Klein, a Lower Merion resident and president of the Zionist Organization of America, is used to hobnobbing with public figures. Just the other night his organization hosted an event that featured appearances from U.S. Sen. Ted Cruz and media magnate Mort Zuckerman and a video address from Benjamin Netanyahu. Yet he still recalls his first encounter with Cosby being special.

“My opening words: ‘Oh my God, you’re Bill Cosby,’” Klein said. “He said, ‘I know who I am, but who the heck are you?’ Then he said his whole life.

“I thought of him as someone Philadelphians are proud of because he’s had such a distinguished career and is such a fabulously gifted storyteller,” Klein continued. “And he seemed to preach working hard, family life and excellence. He really seemed to have the right values. I was proud of him. What a shock.”

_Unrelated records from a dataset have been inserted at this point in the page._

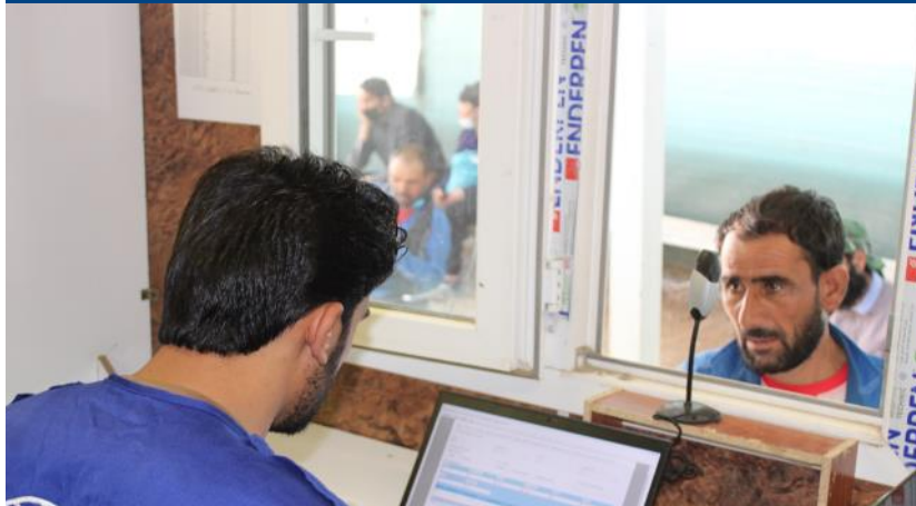
دفتر آی او ام در مرکز پذیرای عبوری ولایت کندهار، هرات، ننگرهار و نیمروز روزانه مهاجرین افغان را در سیستم (BSAF) راجستر مینمایند. از جنوری تا الحال به تعداد ۵۰،۰۰۰ افراد در این سیستم راجستر شده است. IOM، می ۲۰۲۱.

برنامه محافظتی IOM در جریان سال ۲۰۲۱ به تعداد ۱،۴۹۰ (۹۵۲ زن، ۸۴۶ مرد، ۲۹۷۱ دختر و ۳۴۲۰ پسر) قضیه شامل کتگوری افراد با نیازمندیهای مشخص را بوسیله ارائه اطلاعات به موقع، تسهیل مطمئن و با عزت دسترسی به خدمات و ارائه کمک های دیگر از جمله پول نقد برای کاهش خطرات حفاظتی شناسایی شده و جلوگیری از اثرات منفی هنگام مسدود شدن راه های رجعت دهی، کمک نموده است. تیم های حفاظتی در نقاط مرزی که مصروف غربالگری قضایا اند در هرات و نیمروز و همچنان به همکاری کارمندان ولایتی در ۱۱ ولایت توانسته است که ۷۳ قضیه (۹۲ زن، ۹۶ مرد، ۱۷۴ دختر و ۱۸۰ پسر) از جمله ۲۸ طفل و ۱۲ زن و ۱۳ کهن سال در معرض خطر، ۲۰ تن در شرایط جدی پزشکی، ۸ تن معیوب، ۶ والدین مجرد و ۴ طفل جدا شده را در ولایات نیمروز، کندز، کابل، غور، فاریاب، تخار، هرات، بلخ و کندهار تحت نظارت و ارزیابی قرار دهند. ۷۷۵ مورد دیگر همراه خانواده های شان در مرز های میلک ولایت نیمروز و اسلام قلعه ولایت هرات توسط کارمندان تیم محافظتی به همکاری ریاست مهاجرین شناسایی شده اند. ۱۶ خانواده عودت کننده (۱۶ زن، ۱۴ مرد، ۱۷ دختر و ۲۳ پسر) کمک های پس از عودت (مشمول میابیل، ردیابی فامیل ها و حمل و نقل) دریافت نمودند، ۲۵۶ تن کمک های مالی دریافت نموده و ۷۳ قضیه دیگر مورد ارزیابی مدیریتی این تیم قرار گرفته اند.
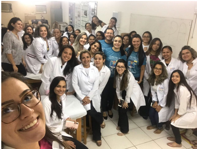
visita da CPA a sala de aula
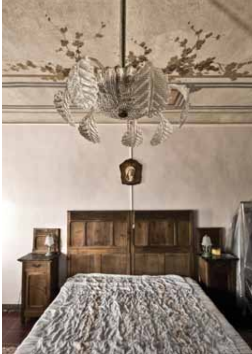
Rosignano Monferrato, fraz. Colma
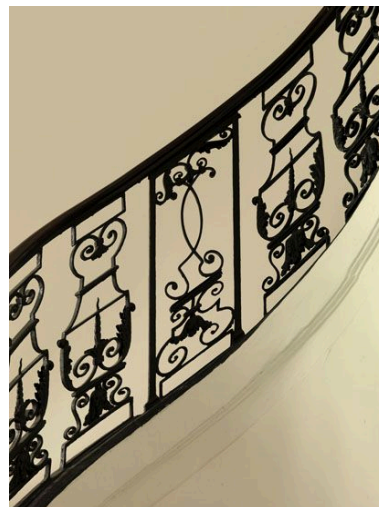
Détail des balustres rampants et d'un pilastre central. IVR11_20107500206NUC4A
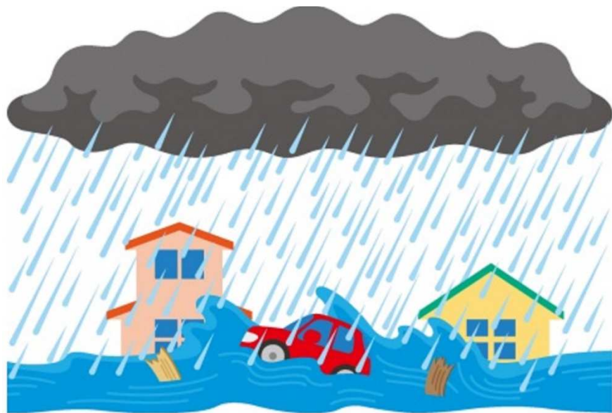
さいがい A1 おおあめ

“Everybody’s got stuff in the closet that isn’t great.” — Vera Peeples-Primus, alumni relations director at Germantown High School, which Cosby attended

Though allegations of sexual assault against Cosby were reported extensively in Philadelphia several years ago, their resurgence since comedian Hannibal Buress’ local October performance  have the nation talking about his legacy. Nationally, Cosby has been shunned, with Netflix and NBC recently canceling deals with him as David Letterman’s CBS late-night show canceled an appearance scheduled for last week.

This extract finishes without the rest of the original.